# [WHAT YOU SHOULD DO]
Print only the lines from the top of the data through the line with "该场于今年3月上旬动工,总征", both included, skipping every picture.

# [Records excerpted from a collection]
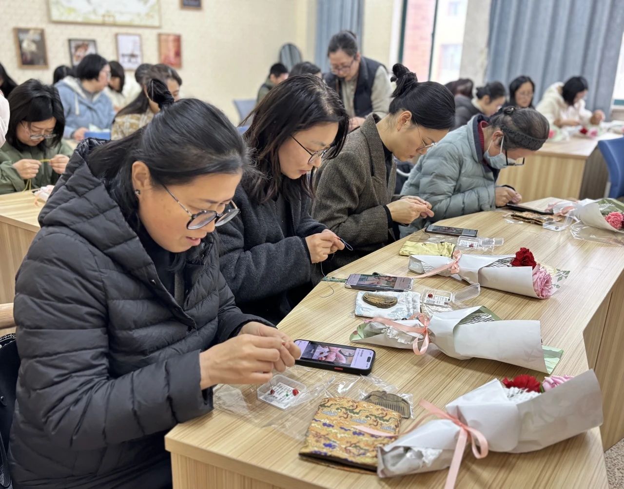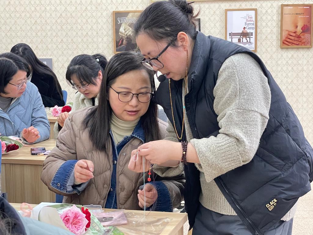 伟德国际victor1946分工会在7J—406教室打造“手作工坊”,邀请手作匠人带领老师们制作绿檀梳朱砂串。绿檀梳养护秀发、舒缓压力,朱砂串安神养颜。老师们亲手编织这份独特礼物,放慢脚步,享受手作的温暖,留下美好回忆。
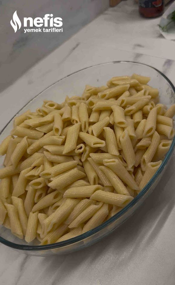 - Penne makarnayı haşlayın, süzün ve soğumaya bırakın.
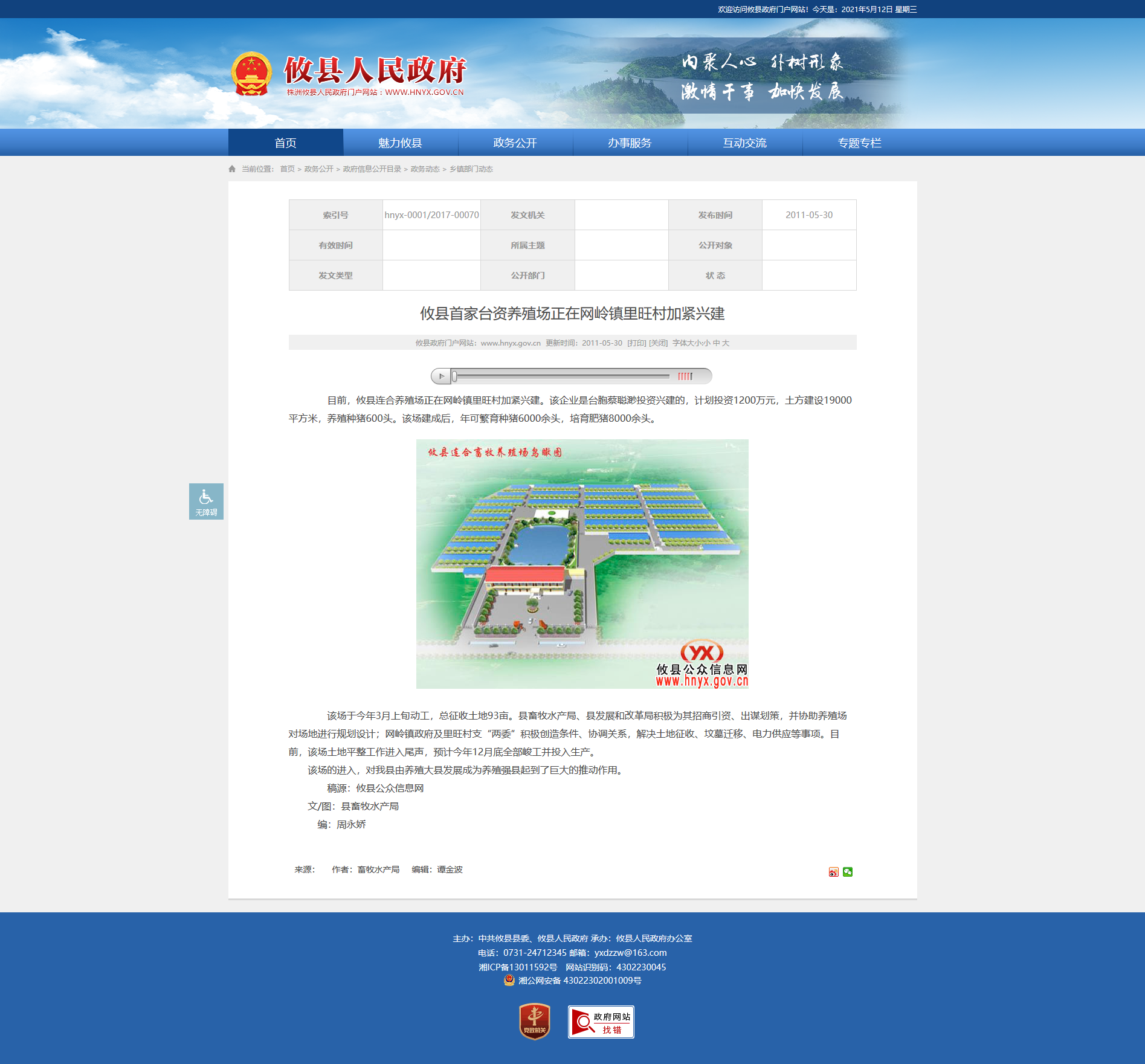 该场于今年3月上旬动工,总征收土地93亩。县畜牧水产局、县发展和改革局积极为其招商引资、出谋划策,并协助养殖场对场地进行规划设计;网岭镇政府及里旺村支“两委”积极创造条件、协调关系,解决土地征收、坟墓迁移、电力供应等事项。目前,该场土地平整工作进入尾声,预计今年12月底全部峻工并投入生产。
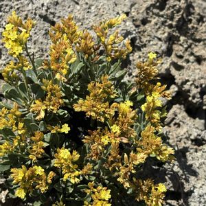 ウコンイソマツ(鬱金磯松) イソマツ科 イソマツ属 草丈10~30cmの低木 草姿や生育環境などイソマツによく似ているが花が黄色であることが異なる 別名 キバナイソマツ 生育地 奄美大島~沖縄(日本固有) 生育環境 海岸の海水が飛沫する石灰岩の岩礁帯に生育 沖縄の隆起さんご礁の海岸では 群落が見られるが 盆栽用に盗掘されることが多く 絶滅危惧種
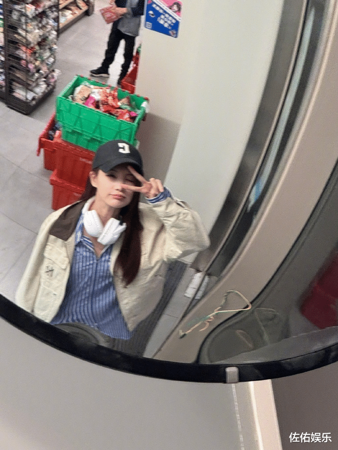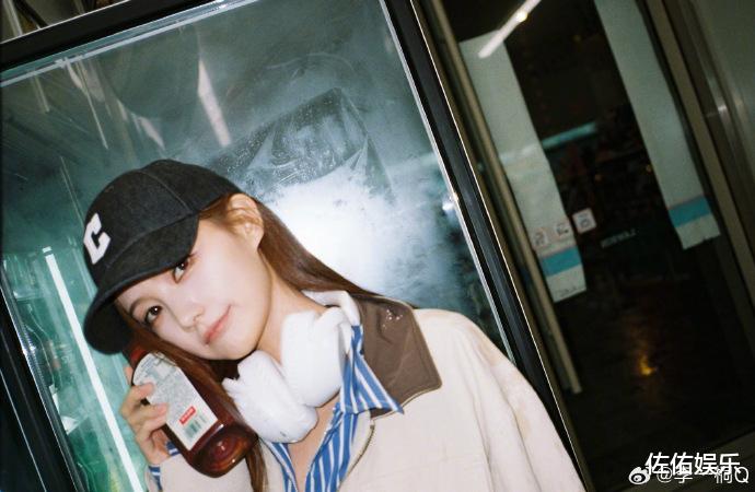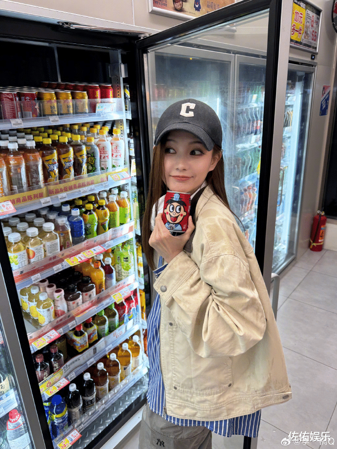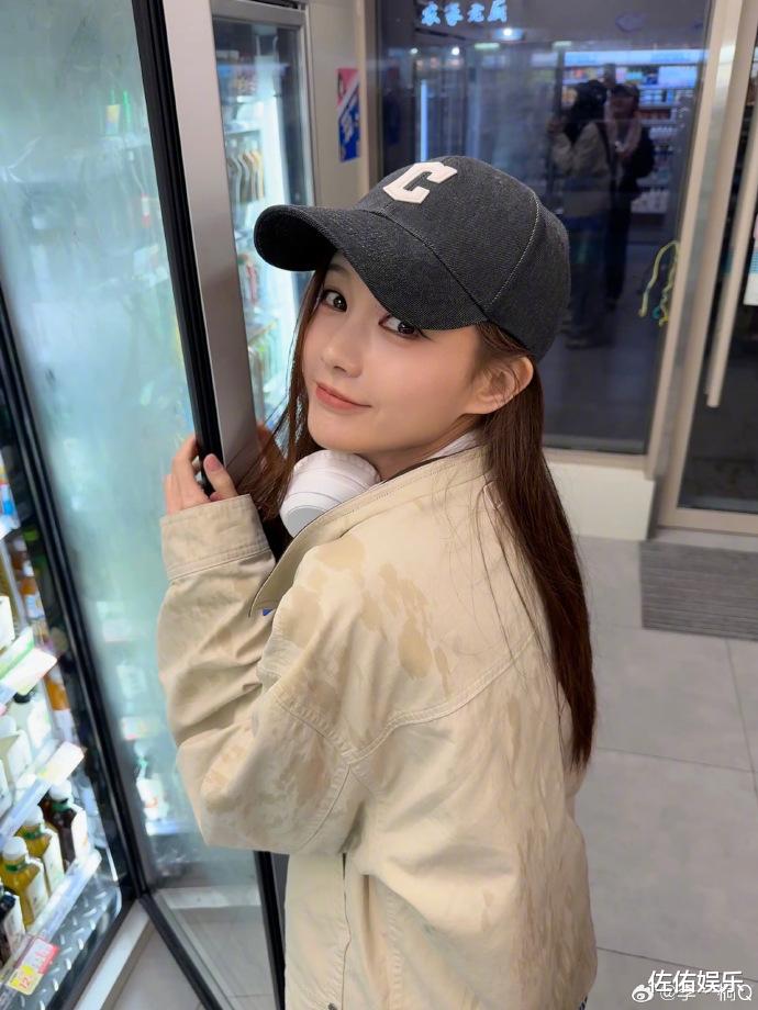 画面中的李一桐穿着米白色的外套简约大方,头戴带有白色字母 “C” 的深色棒球帽,脖子上挂着的白色耳机,透露着时尚潮流的气息。她那自然垂下的长发,为整体造型增添了柔美之感,一手扶着冰柜,身体微微扭转,侧脸看向镜头,眼神明亮且带着笑意,表情自然亲切,给人一种毫无距离感的亲和力,瞬间拉近了与观者的距离。

# [ANSWER SPACE]
 伟德国际victor1946分工会在7J—406教室打造“手作工坊”,邀请手作匠人带领老师们制作绿檀梳朱砂串。绿檀梳养护秀发、舒缓压力,朱砂串安神养颜。老师们亲手编织这份独特礼物,放慢脚步,享受手作的温暖,留下美好回忆。
 - Penne makarnayı haşlayın, süzün ve soğumaya bırakın.
 该场于今年3月上旬动工,总征收土地93亩。县畜牧水产局、县发展和改革局积极为其招商引资、出谋划策,并协助养殖场对场地进行规划设计;网岭镇政府及里旺村支“两委”积极创造条件、协调关系,解决土地征收、坟墓迁移、电力供应等事项。目前,该场土地平整工作进入尾声,预计今年12月底全部峻工并投入生产。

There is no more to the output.